447. La máquina de escribir ha resucitado

    El arranque de mi nuevo ordenador es silencioso como una serpiente y el sistema operativo se carga en un parpadeo. Bien. También sustituí el monitor por uno de alta definición. Bien de nuevo. Y ahora que he cambiado el teclado por uno cien por cien mecánico, mejor que bien, ya que puedo castigarlo a placer y sin contemplaciones. No como los de membrana, cuyas teclas no acababan de responder al ritmo febril de mis manos, o directamente dejaban de ir. No tenían durabilidad, hostia. 

    Mi sobrino púber asegura que mis nuevas adquisiciones me enterrarán, a no ser que las cortocircuite por accidente con vino o cerveza. No ha mencionado el agua porque sabe que su tío raro, el del blog, cuando escribe para beber o bebe para escribir, es con cerveza o vino. Aunque ahora mismo no estoy bebiendo nada, pero estoy devorando a dos carrillos una lata de mejillones picantes con mucho cuidado, no vaya a ser que el escabeche también tenga capacidad para cortocircuitar.

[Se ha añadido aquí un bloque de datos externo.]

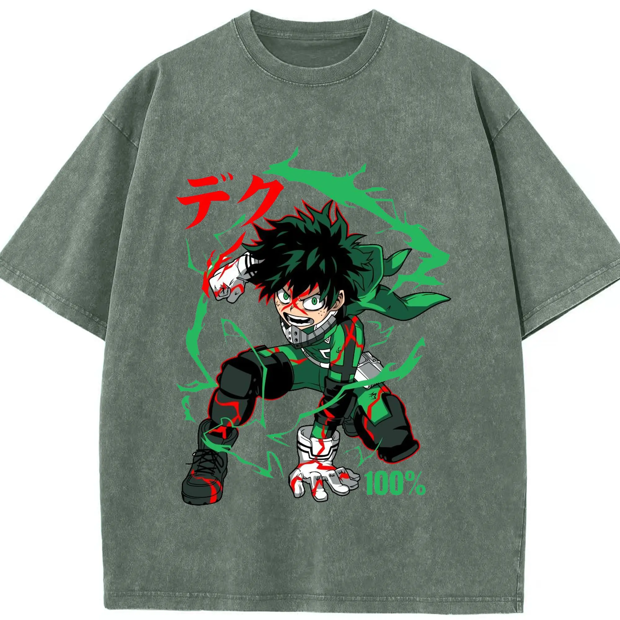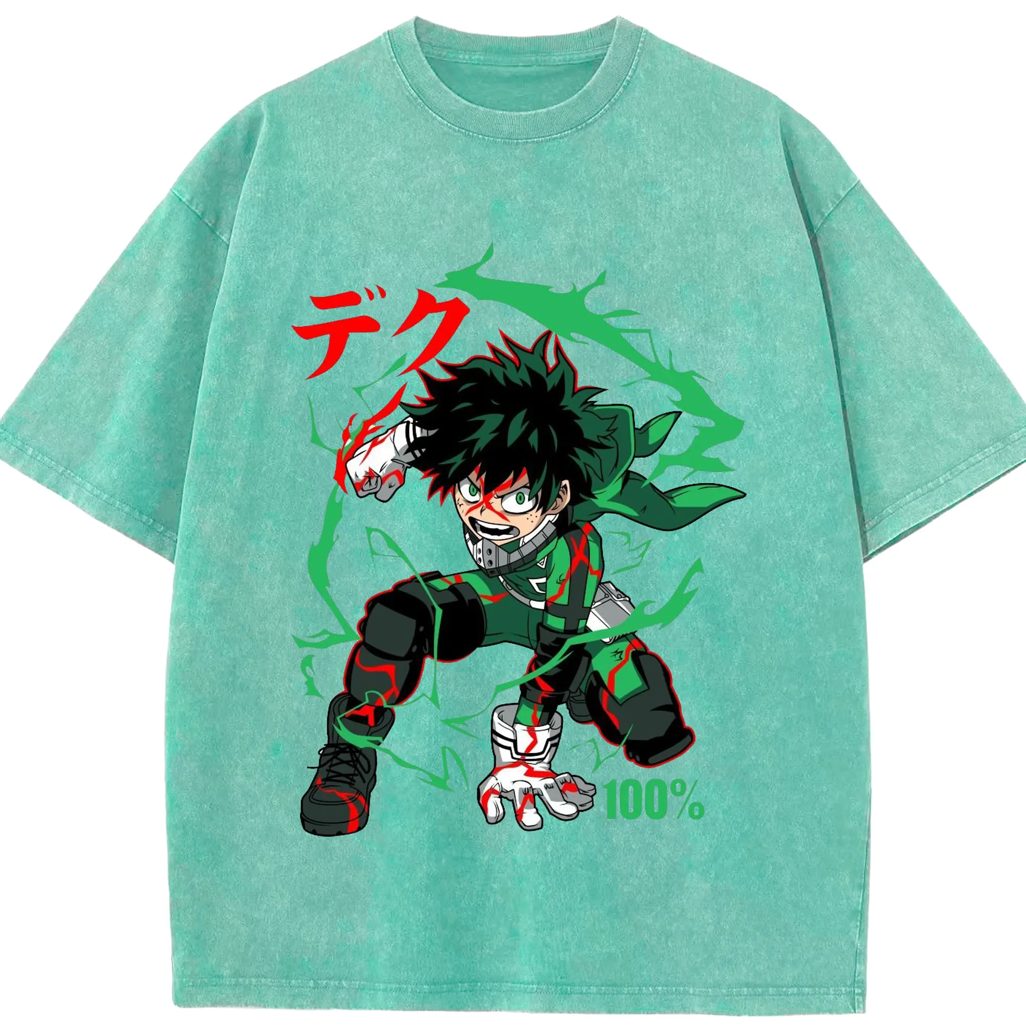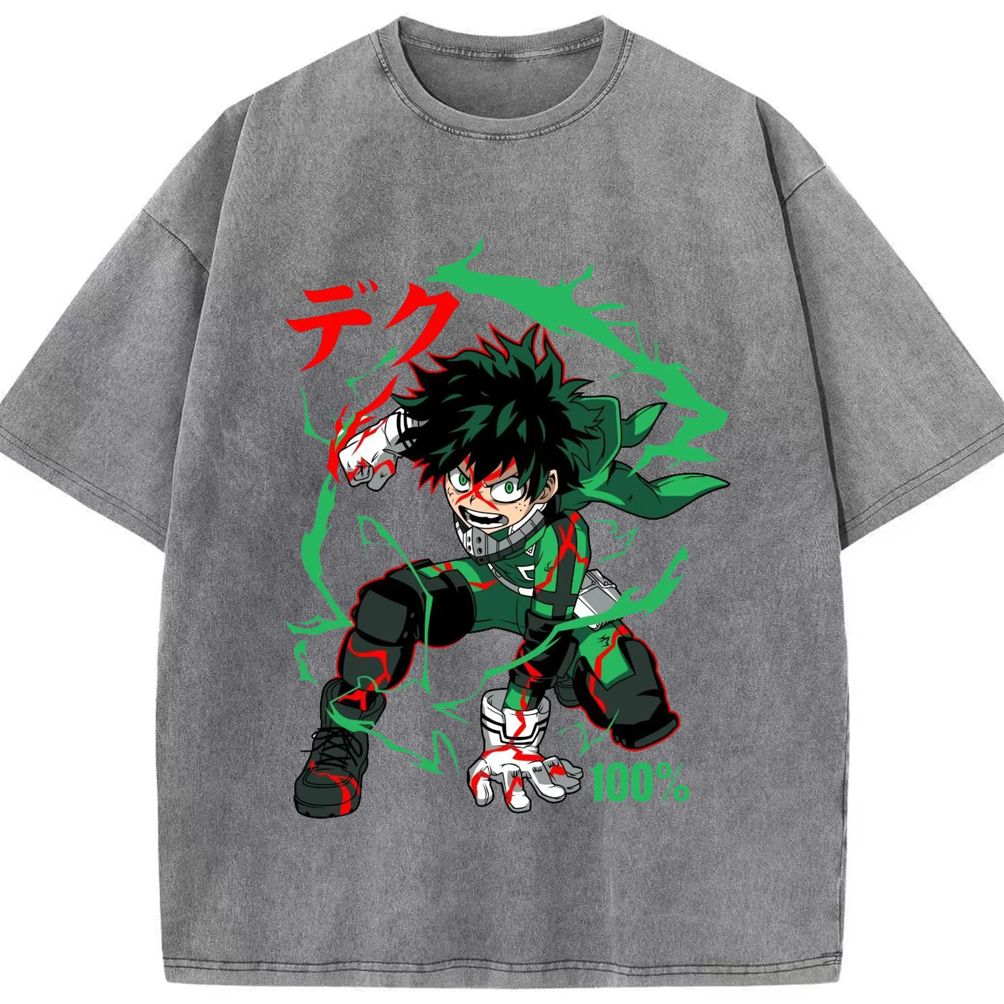 僕のヒーローアカデミア 緑谷 出久 激闘シーン - 綿100% 半袖Tシャツ ・ フロントプリント ・ 快適 通気性 ・ 日常使い 散歩 スポーツ用

    En el nuevo ordenador y en el nuevo teclado hay luces. Si me quedo mirando las del ordenador largo rato después de un trasiego etílico irresponsable, al ser circulares y cambiantes en función de la velocidad giratoria de los ventiladores, acaban por parecerme la espiral de la eterna condena y entro en bucle. Y entre las del teclado, que son tantas como teclas, cuando la noche me sorprende escribiendo, la habitación parece una feria. Supongo que lo próximo a sustituir será la silla, por otra que me permita escribir tantas horas como necesite sin que mi cuerpo cincuentenario se resienta.

    En fin, yo sé que todo esto os importa tanto un testículo como un ovario. La razón de esta entrada es para comentaros que algo insospechado ha ocurrido en la blogosfera y se ha extendido hasta sus confines. Allí donde los primeros, y ahora los más viejos del lugar, vaticinaron que un día la máquina de escribir se pararía para siempre y dejarían de contarse buenas historias por la red. 

    Y así ha sido durante un largo tiempo. Muchas bitácoras desaparecieron y otras tantas murieron por desuso, hasta el punto de que la blogosfera se convirtió en un desierto en el que, salvo cuatro y el que suscribe, no corría ni el estepicursor. Pero, ah, hostia y joder, esa panda envejecida de vejigas incontinentes, no contaban con que un día llegarían nuevas mentes perturbadas, frescas e imaginativas, con poder para resucitar la moribunda máquina de escribir y dotarla de narraciones ocurrentes, conceptos estimulantes y extravagantes personajes.

    Suerte que esta resurrección no me ha cogido a contrapié, y poseo maquinaria dura y nueva para mantener el nivel de enfermedad y locura, que precisan estas nuevas fábulas sobre conspiraciones secretas, parajes oníricos y entes que despiertan en la oscuridad de nuestras casas cuando asoma la luna y nosotros dormimos.